В 11 часов утра Главнокомандующий генерал-лейтенант Корнилов, в сопровождении начальника Царскосельского гарнизона полковника Кобылинского, Царскосельского коменданта подполковника Мацнева и некоторых чинов штаба прибыл в Александровский Царско-Сельский дворец и прочел бывшей государыне Александре Феодоровне, которая приняла его в присутствии графа Бенкендорфа и графа Апраксина, постановление Временного Правительства об ее аресте».
Увы, не были образцами преданности своему монарху и высшие морские начальники — такие, как Командующий флотом Черного моря адмирал Колчак и Командующий флотом Балтийского моря вице-адмирал А. И. Непенин. По словам Мельгунова, «Непенин имел какое-то отношение к намечавшемуся перевороту». Ренгартен, капитан 1-го ранга, которого цитирует Мельгунов, сказал «Непенину, что он принадлежит к числу тех..., которые могли бы указать монарху на опасность положения. Адмирал..., подумав, ответил, что прямой, открытый путь невозможен. Известно, что не было, чтобы монарх, проигравший [?] большую национальную войну, оставался на троне. В заключение адмирал сказал...: «Думано об этом, много думано...»
О намерениях Непенина предать своего Государя можно судить и по словам его биографа, контр-адмирала Б. П. Дудорова: «Предстоящее оперативное вскрытие этого нарыва [т. е. революция] принесет с собой благоприятный переворот к оздоровлению страны, а с этим и подчиненного ему [Балтийского] флота», полагал А. И. Непенин.
Но одними из первых жертв «оперативного вскрытия» пали cами его вдохновители. В тот же день, когда Непенин отдал приказ № 260, в котором приветствовал предательское Временное правительство, он был убит. Не монархистами, а его же идейными сообщниками. К сожалению, погибло и много верных присяге офицеров и кондукторов.
Так, 28 февраля на крейсере «Аврора», стоявшем на Неве, был убит его командир, участник Цусимского сражения капитан 1-го ранга М. И. Никольский. Это сделали матросы, подстрекаемые бунтовщиками, проникшими с берега на корабль, хотевшими поднять вместо Андреевского флага красную тряпку — «символ измены, убийств и предательства». Доблестный офицер не позволил им сделать этого и погиб.
Заводилами «углубления революции» были, как правило, призванные из запаса матросы, успевшие побывать в тюрьме и на каторге за былые «подвиги». Уйма таких «ценных кадров» скопилась в Кронштадте. Они-то и разлагали остальных матросов. Вот почему особенно много жертв в феврале и марте 1917 года было в Кронштадте.
1-го марта, как вспоминает один из очевидцев, толпа матросов с винтовками и красными флагами стали обходить корабли, пришвартовавшиеся кормой к стенке. Начатая на берегу расправа над офицерами и унтер-офицерами продолжалась на кораблях. «Матросы» обходили каюты, грабили все, что попадалось под руку: обручальные кольца, часы, деньги. Группу арестованных привели на Якорную площадь, подгоняя их ударами прикладов. Там им показали убитого адмирала Вирена и многих других. Затем, припугнув расстрелом, повели в следственную тюрьму, где уже находились другие офицеры. Матросы, служившие на кораблях, узнав о расправах над офицерами, приходили в тюрьму освобождать своих командиров.
Иную картину рисует кронштадтский старожил Юзеф Шапель со слов своих родителей:

«Матушка... рассказала нам о массовых казнях в овраге видных военачальников. Обреченных на казнь вели через всю Якорную площадь... Они шли молча..., поравнявшись с Морским собором, снимали фуражки и осеняли себя крестным знамением. На краю оврага четверо матросов сбрасывали каждого офицера вниз, стреляя в него...»

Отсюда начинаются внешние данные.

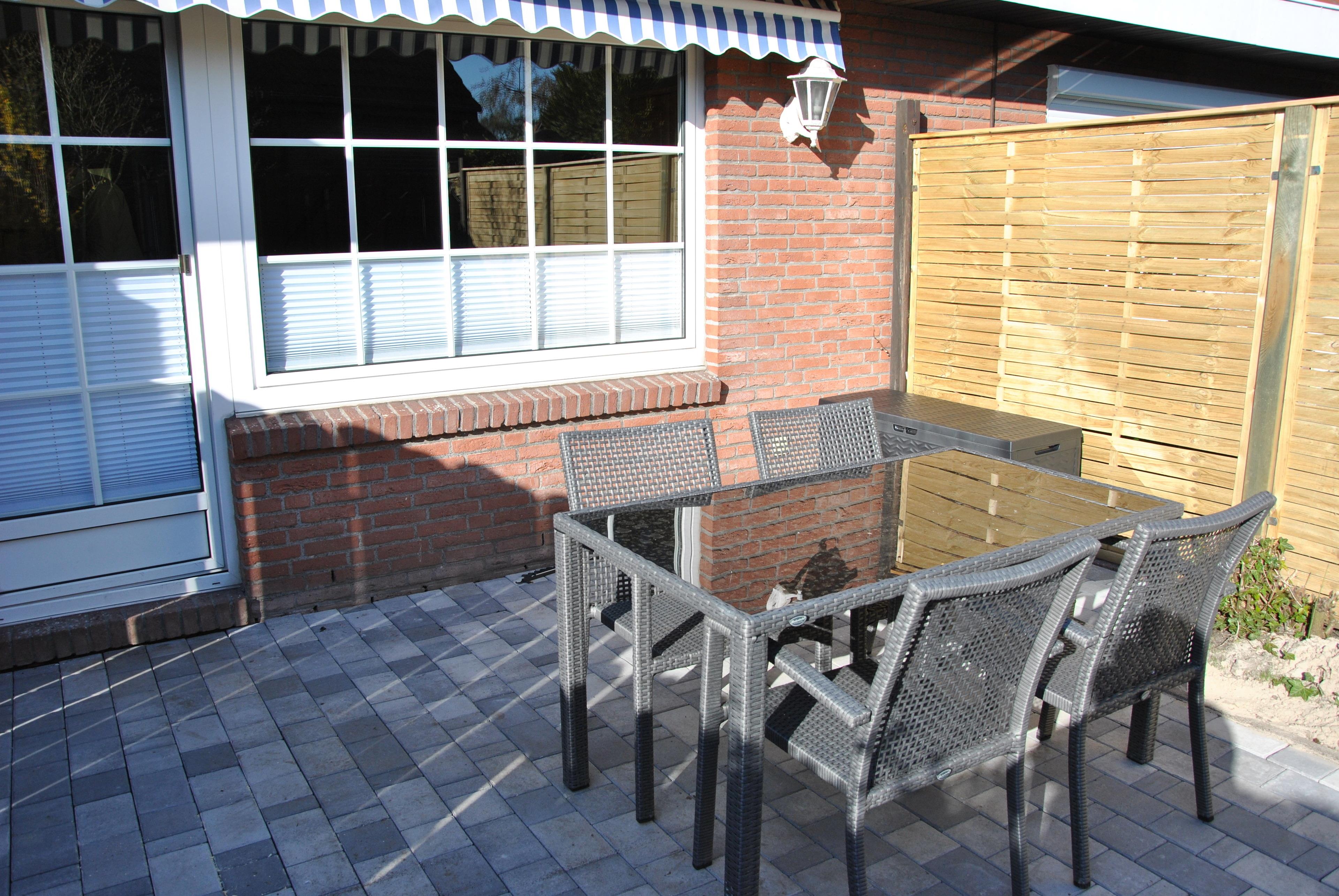 Vom Wohnzimmer aus gelangen Sie auf die zum Haus gehörige Terrasse. Die Terrasse hat eine Markise, die Sie bei Bedarf vor übermäßiger Sonneneinstrahlung schützt.

Много офицеров погибло в Свеаборге и Гельсингфорсе. Вице-адмирал Непенин, которому доложили, что на линкоре «Император Павел I» и на «Андрее Первозванном» подняты красные флаги и слышна ружейная стрельба: это матросы убивали своих офицеров, ничего не предпринял, чтобы подавить бунт. Единственной силой, способной подавить мятеж, была 1-я бригада линейных кораблей. Однако Непенин, обвинявший Государя в «слабоволии», напыщенно произнес: «Нет, я русской крови не пролью».
И жертвой этого заигрывания с мятежниками пал, как нам известно, сам вице-адмирал.
Лейтенант Павлов, служивший в Гельсингфорсе, уже в эмиграции писал:

«В этот день [4 марта 1917 г.] в морге шпалами накрест были сложены трупы более ста убитых офицеров. Большинство из них были специалисты, товарищи, знакомые, друзья — партнеры в теннис, на бильярде, в шахматы. Откуда было их взять? Кем заменить? Было ясно: в первую голову с флотом Балтики для Германии было кончено».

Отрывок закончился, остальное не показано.